- [What to work on] Please give every line below again exactly, but not its pictures.
========
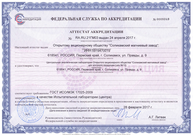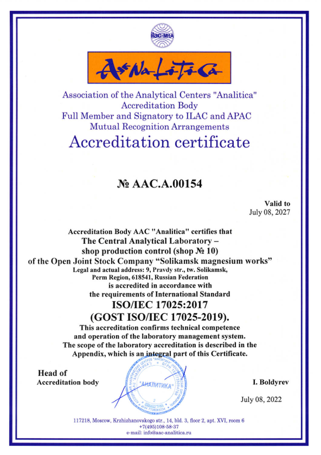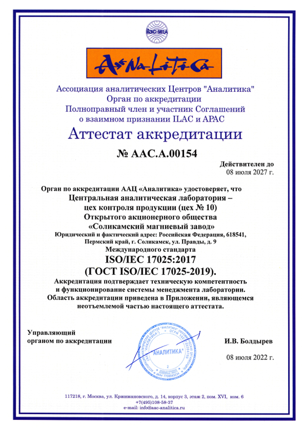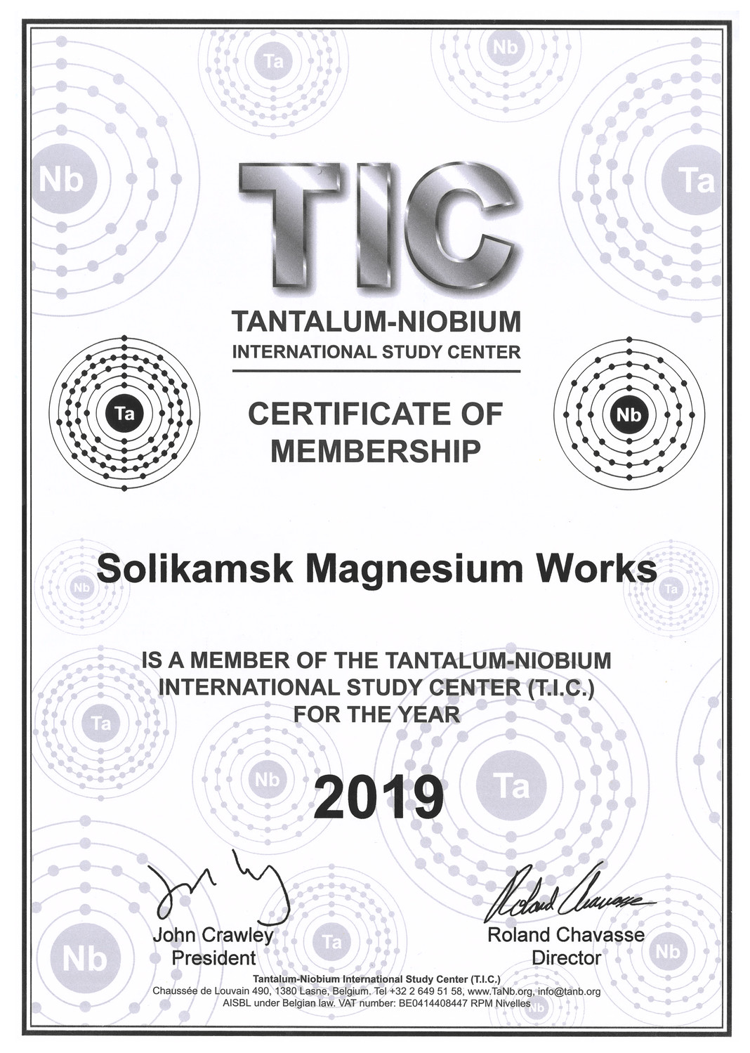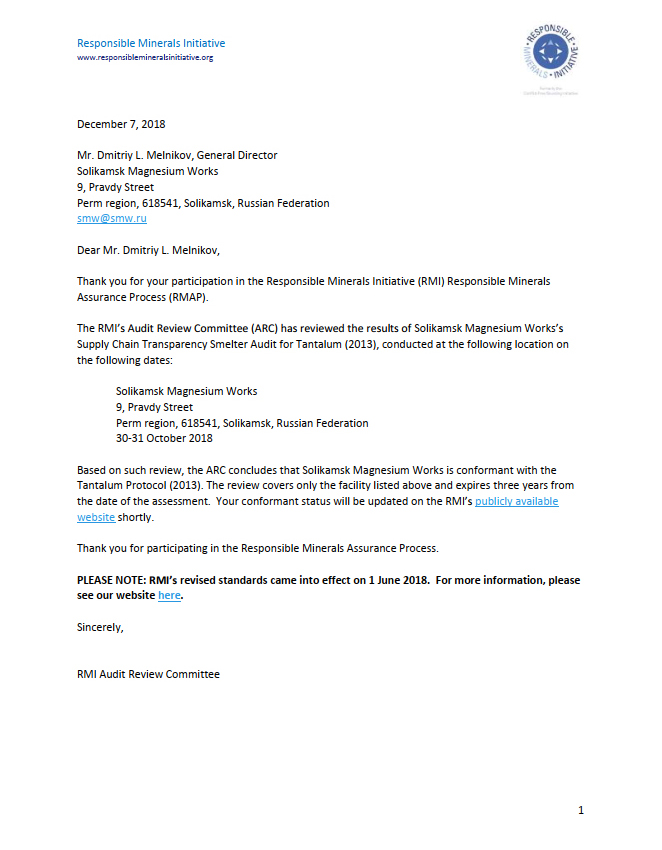 Предприятие занимает лидирующие позиции в редкометальной и магниевой отраслях Российской Федерации, является международно признанной компанией, и должно быть уверено в том, что своей деятельностью способствует сохранению окружающей среды, производству продукции надлежащего качества и норм этики при закупках танталового сырья для своего производства.
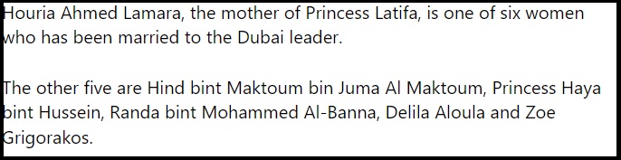 துபாய் மன்னரின் மூத்த மனைவியின் பெயர் Hind bint Maktoum bin Juma Al Maktoum என்றும் தெரிவிக்கப்பட்டிருந்தது. இதற்கு முன்பாக வெளியான சில பழைய செய்திகளிலும் அவரது பெயர் குறிப்பிடப்பட்டுள்ளது. Metro.co.uk என்கிற செய்தித்தளத்தில் வெளியான துபாய் ஆட்சியாளரின் மனைவிகள் குறித்த கட்டுரையில் அவரது பெயர் இடம்பெற்றுள்ளது.
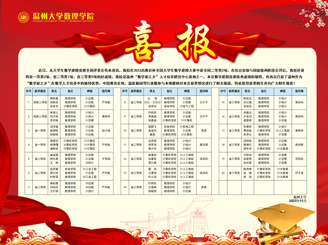 51吃瓜 是温州“数学家之乡”人才培养研究中心基地之一,本次数学建模竞赛优秀成绩的取得,也再次凸显了温州作为“数学家之乡”在数学人才培养中的独特优势。(通讯员 章志图)
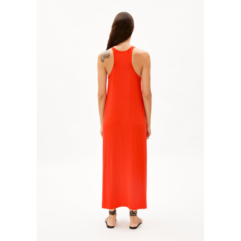 Vestido largo en color rojo, de cuello redondo y sin mangas. 96% VISCOSA (LENZING™ ECOVERO™) 4% ELASTANO
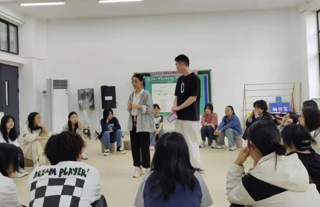 活动伊始,主持人带领同学们依次进行了暖场破冰游戏——大风吹、小风吹、台风吹。这些游戏不仅考验了大家的思维灵敏度,同时单轮游戏出局的同学们带来的才艺表演也给现场增添了欢笑声。同学们在轻松愉悦的氛围中放松身心,快速进入状态。
========
- [Answer box]
 Предприятие занимает лидирующие позиции в редкометальной и магниевой отраслях Российской Федерации, является международно признанной компанией, и должно быть уверено в том, что своей деятельностью способствует сохранению окружающей среды, производству продукции надлежащего качества и норм этики при закупках танталового сырья для своего производства.
 துபாய் மன்னரின் மூத்த மனைவியின் பெயர் Hind bint Maktoum bin Juma Al Maktoum என்றும் தெரிவிக்கப்பட்டிருந்தது. இதற்கு முன்பாக வெளியான சில பழைய செய்திகளிலும் அவரது பெயர் குறிப்பிடப்பட்டுள்ளது. Metro.co.uk என்கிற செய்தித்தளத்தில் வெளியான துபாய் ஆட்சியாளரின் மனைவிகள் குறித்த கட்டுரையில் அவரது பெயர் இடம்பெற்றுள்ளது.
 51吃瓜 是温州“数学家之乡”人才培养研究中心基地之一,本次数学建模竞赛优秀成绩的取得,也再次凸显了温州作为“数学家之乡”在数学人才培养中的独特优势。(通讯员 章志图)
 Vestido largo en color rojo, de cuello redondo y sin mangas. 96% VISCOSA (LENZING™ ECOVERO™) 4% ELASTANO
 活动伊始,主持人带领同学们依次进行了暖场破冰游戏——大风吹、小风吹、台风吹。这些游戏不仅考验了大家的思维灵敏度,同时单轮游戏出局的同学们带来的才艺表演也给现场增添了欢笑声。同学们在轻松愉悦的氛围中放松身心,快速进入状态。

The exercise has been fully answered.